Exercise objective:
Only the lines from the one containing "Ouiiiiii ! Avec" to the end of the data below belong in the answer, each repeated exactly; no pictures.

Data provided:
☆ ☆ ☆

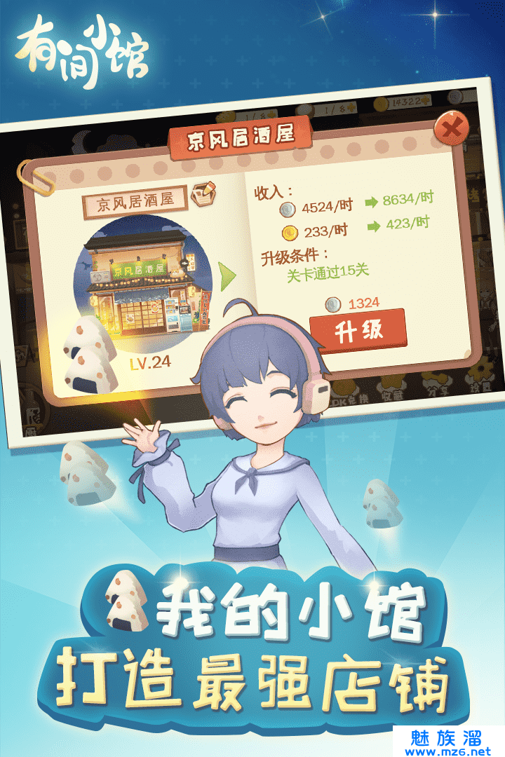 这是一个美食经营闯关的手游,作为店主,不仅要满足客人们的要求,还要完成一关关的任务,提升小馆的经验和等级,开一间自己喜欢的料理店,通过解锁各种美味的食物来获得顾客的喜欢,这样你的收益才会更多。还有很多好玩的玩法会在这里面,只要你多多的体验和研究,自然不会让你失望的。
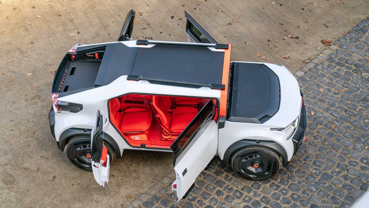 Ouiiiiii ! Avec un design à contre-courant, qui intrigue et séduit, notamment avec son pare-brise vertical, le concept Oli (ou all-ë) se veut surtout un engin essentiel et fonctionnel. Sa carrosserie se compose de matériaux recyclés et recyclables, à la fois robustes et faits pour durer. Oli assure une autonomie de 400 km. Un chiffre rendu possible grâce à un poids plume (1.000 kg), une consommation moyenne réduite de 10 kWh/100 km et une vitesse limitée à 110 km/h. Compatible avec la charge rapide, Oli peut recharger sa batterie de 20 à 80 % en seulement 23 minutes…
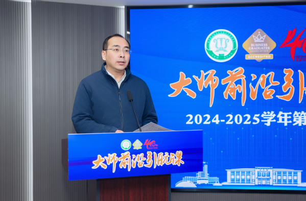 2025年1月5日晚,“大师前沿引航课”第五讲在禁忌书屋 A0405报告厅举行。本期邀请到西安交通大学原副校长、西交利物浦大学执行校长、英国利物浦大学副校长席酉民教授授课,题目为《点亮心中梦想,铸就追梦翅膀》。禁忌书屋 150余名师生参加,报告内容在学院视频号同步直播。禁忌书屋 党委书记苏州主持报告会。
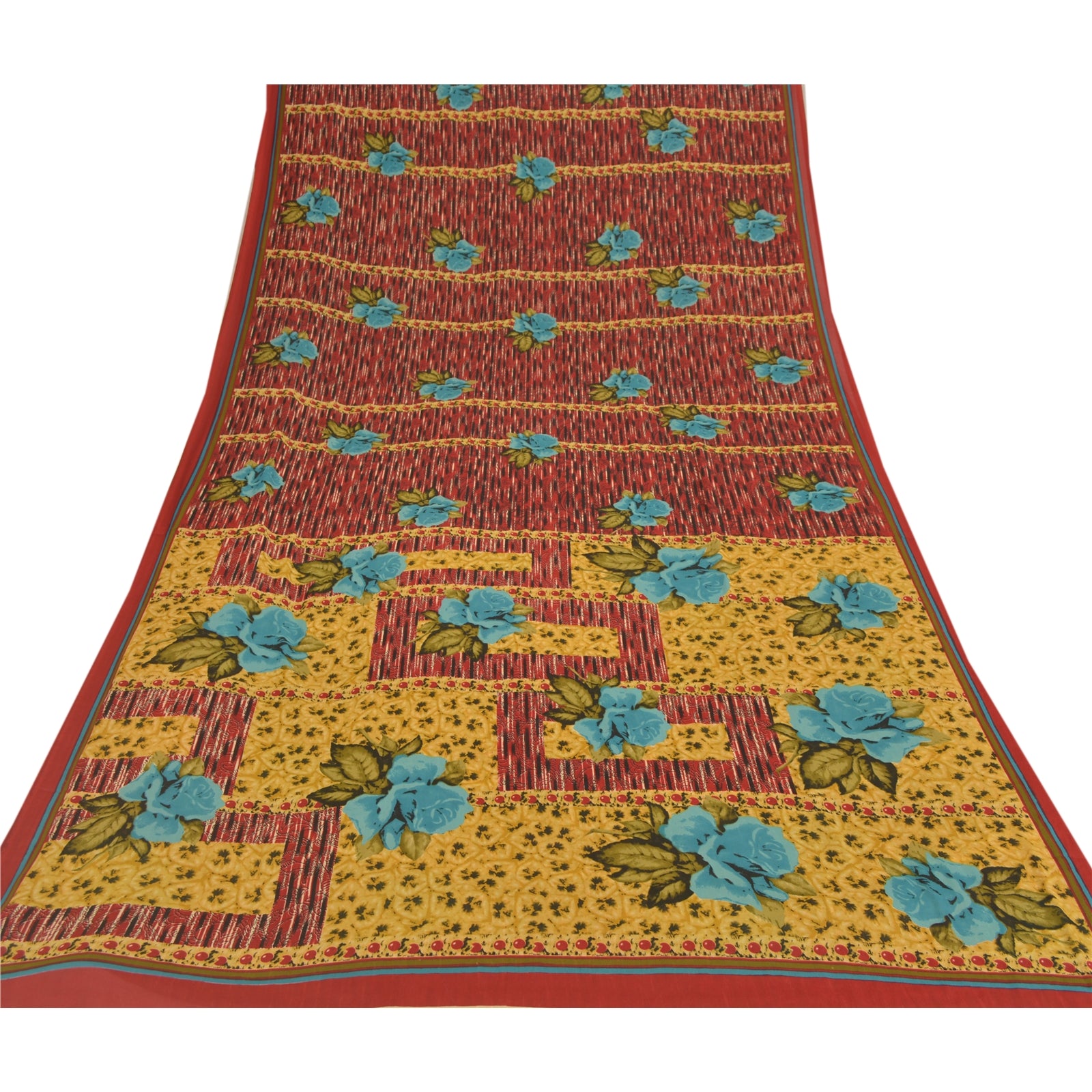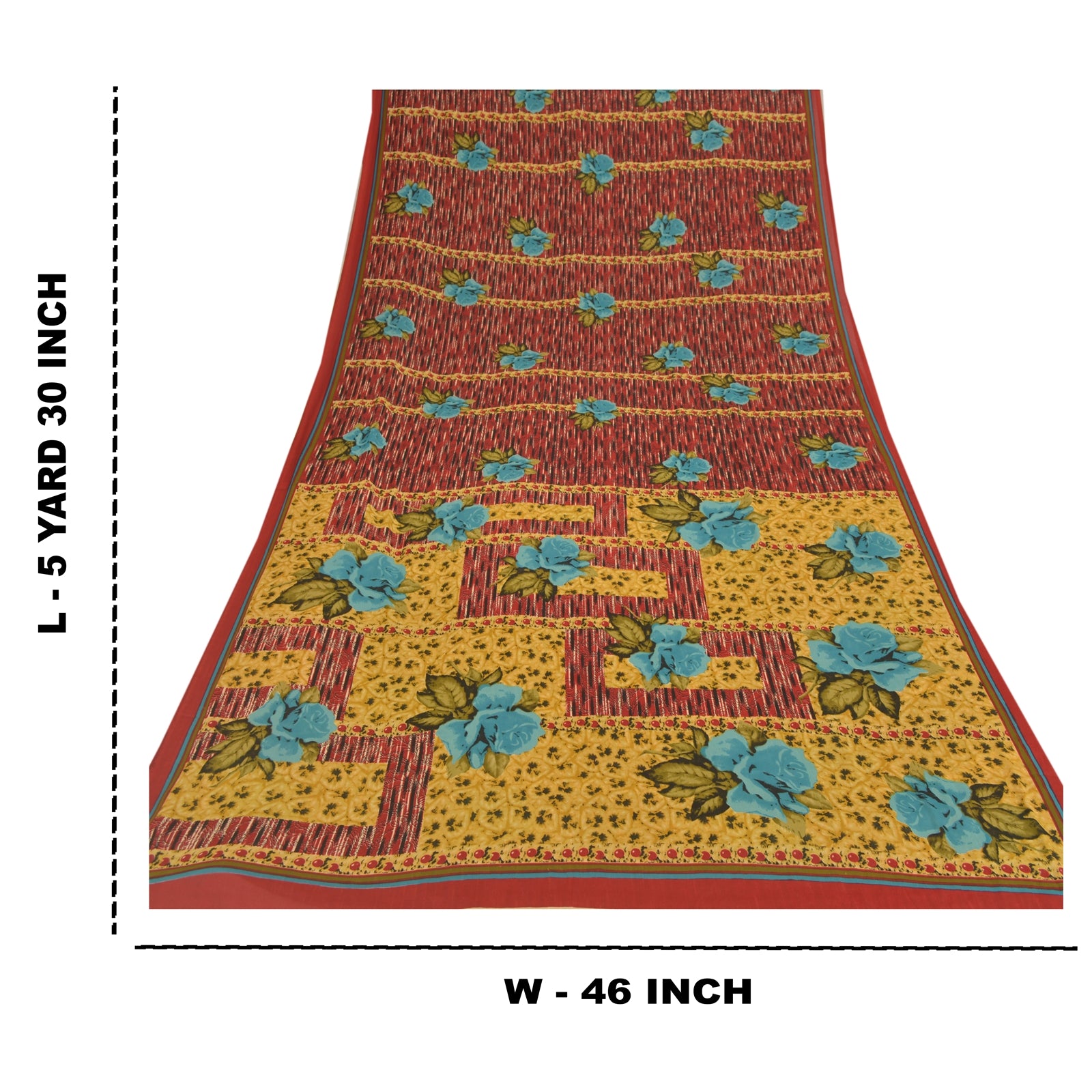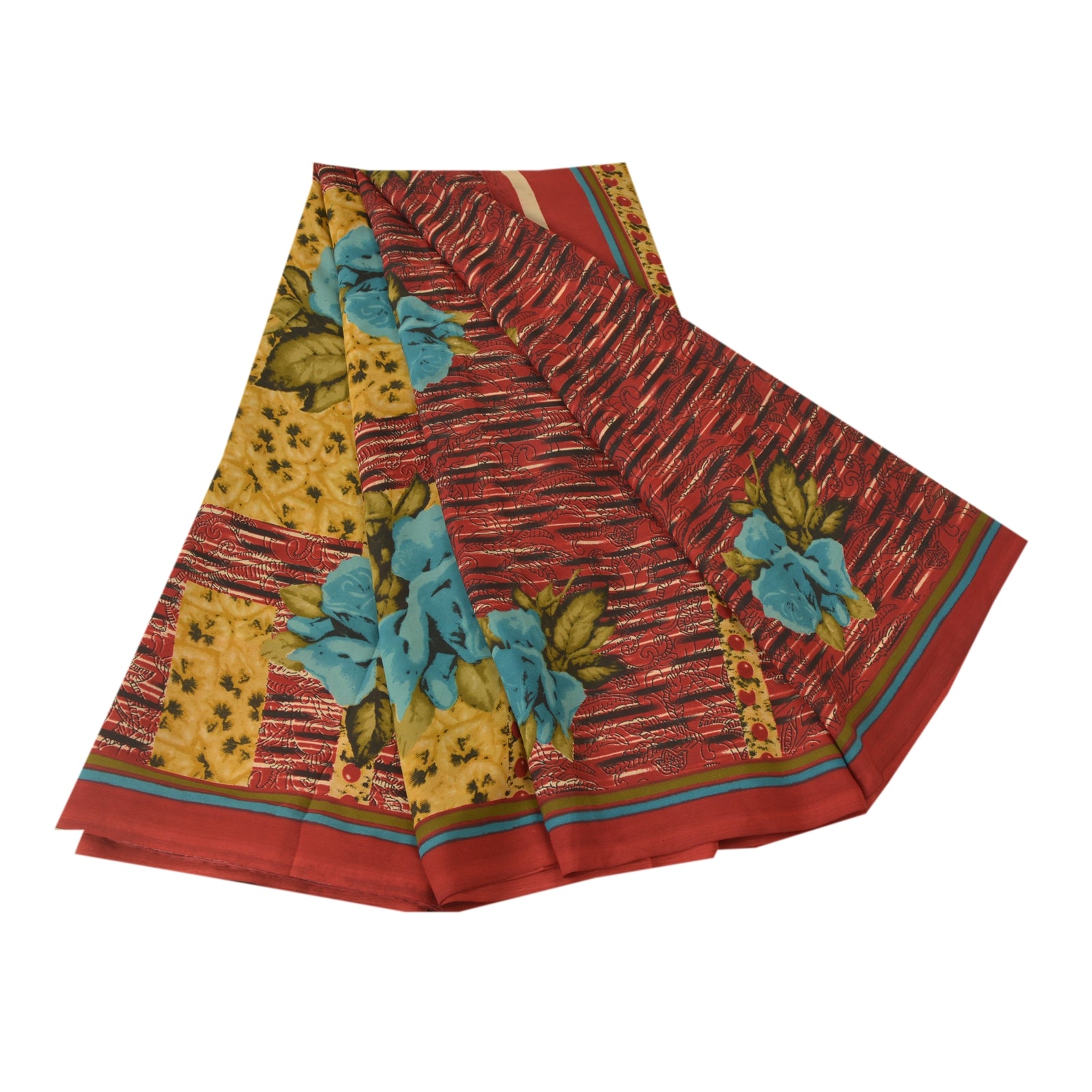 Sanskriti Vintage Red Sarees Moss Crepe Printed Indian Sari 5 Yd Craft Sustainable Fabric

☆ ☆ ☆

Answer:
 Ouiiiiii ! Avec un design à contre-courant, qui intrigue et séduit, notamment avec son pare-brise vertical, le concept Oli (ou all-ë) se veut surtout un engin essentiel et fonctionnel. Sa carrosserie se compose de matériaux recyclés et recyclables, à la fois robustes et faits pour durer. Oli assure une autonomie de 400 km. Un chiffre rendu possible grâce à un poids plume (1.000 kg), une consommation moyenne réduite de 10 kWh/100 km et une vitesse limitée à 110 km/h. Compatible avec la charge rapide, Oli peut recharger sa batterie de 20 à 80 % en seulement 23 minutes…
 2025年1月5日晚,“大师前沿引航课”第五讲在禁忌书屋 A0405报告厅举行。本期邀请到西安交通大学原副校长、西交利物浦大学执行校长、英国利物浦大学副校长席酉民教授授课,题目为《点亮心中梦想,铸就追梦翅膀》。禁忌书屋 150余名师生参加,报告内容在学院视频号同步直播。禁忌书屋 党委书记苏州主持报告会。
 Sanskriti Vintage Red Sarees Moss Crepe Printed Indian Sari 5 Yd Craft Sustainable Fabric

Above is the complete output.